Mr. Speaker, I am not going to say much. His Excellency spoke to us as Parliamentarians and he said that we need to be well informed in order for us to give robust debates. The problem with us here in Parliament is we are not punctual, disciplined and there is a problem especially from Ministers that were appointed. Some do not even come here and we do not even know what they look like. We see them in the newspapers only. We need to see them here in order for us to talk to them. The reason why we can talk to these Ministers is so that when they talk to us, they lead by example that they have come here, we get understanding. If there is something we do not understand, we find a way of finding each other so that we can go out there and give the right message, but the problem is we play cat and mouse. There is always an excuse. Some Members of Parliament just come here to mark the register and walk out, which is short changing the general people out there who actually elected us to come here.

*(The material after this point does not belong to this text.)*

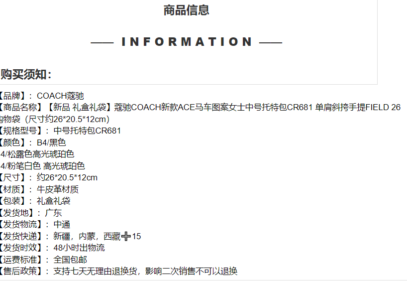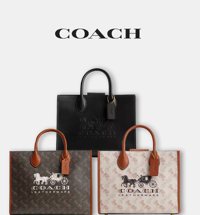 【礼盒礼袋】【品牌授权】蔻驰COACH新款ACE马车图案女士奥莱中号托特包CR681 单肩斜挎手提FIELD 26购物袋(尺寸约2620.512cm)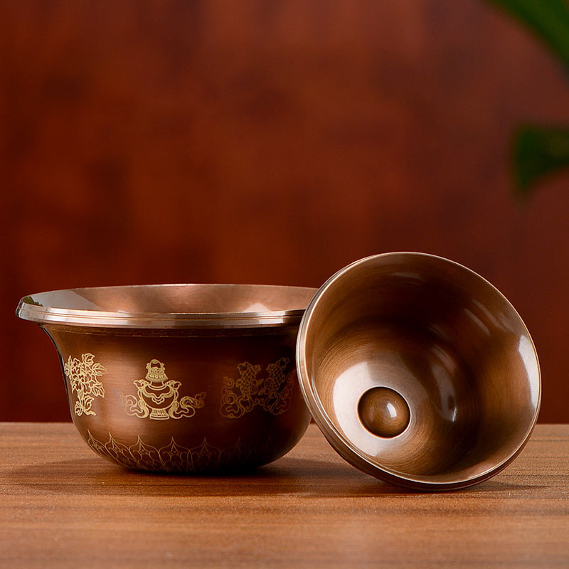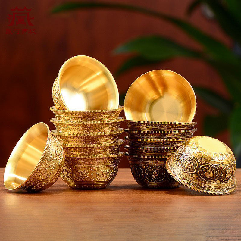 藏式红铜供水碗加厚佛前供水杯家用桌面七供八供圣水杯净水杯摆件

Mr. Speaker, I would like to encourage the Members of Parliament to try and be honest with themselves, to come on time, to be also well disciplined and to make sure that when we are debating we should not be like hooligans making noise in this House. We should be able to understand each other like what happened when His Excellency was here. Mr. Speaker, with those few words, I thank you.
ANNOUNCEMENT BY THE SPEAKER
ADVERSE AND NON- ADVERSE REPORTS RECEIVED
FROM THE PARLIAMENTARY LEGAL COMMITTEE
THE TEMPORARY SPEAKER (HON. MARUMAHOKO): I
have to inform the House that I have received the following from the
Parliamentary Legal Committee: Adverse report on the Shop Licence
Amendment Bill [H.B.10, 2016], Non- Adverse report on Statutory
Instrument 79, 80-85 and 87 published during the month of July, 2017, Non-Adverse report on General Notices 315439 published during the month of July, 2017 and the Adverse Report on Statutory Instrument 74 published during the month of July, 2017.
HON RUNGANI: I move that the debate do now adjourn.
HON. MUKWANGWARIWA: I second.
Motion put and agreed to.
Debate to resume: Tuesday, 26th September, 2017.
RESTORATION OF THE MOTION ON PROMOTION OF FAIR
REGIONAL AND GENDER REPRESENTATION IN THE AWARD
OF TENDERS ON THE ORDER PAPER
HON. MISIHAIRABWI-MUSHONGA: I move the motion
standing in my name that the motion on Fair Regional Representation which was superseded by the end of the Fourth Session of the Eighth Parliament be restored on the Order Paper in terms of Standing Order No. 73.
HON. MARIDADI: I second.
Motion put and agreed to.
ADJOURNMENT OF THE HOUSE
HON. RUNGANI: I move that the House do now adjourn.
HON. MUKWANGWARIWA: I second.
Hon. Adv. Chamisa having stood up to debate.
THE TEMPORARY SPEAKER: Order, order please. May you resume your seat? I have asked whether you were in agreement but you were seated until I stood up. I cannot reverse that.
Motion put and agreed to.
The National Assembly adjourned at Half past Three o’clock p.m.
until Tuesday, 26th September, 2017.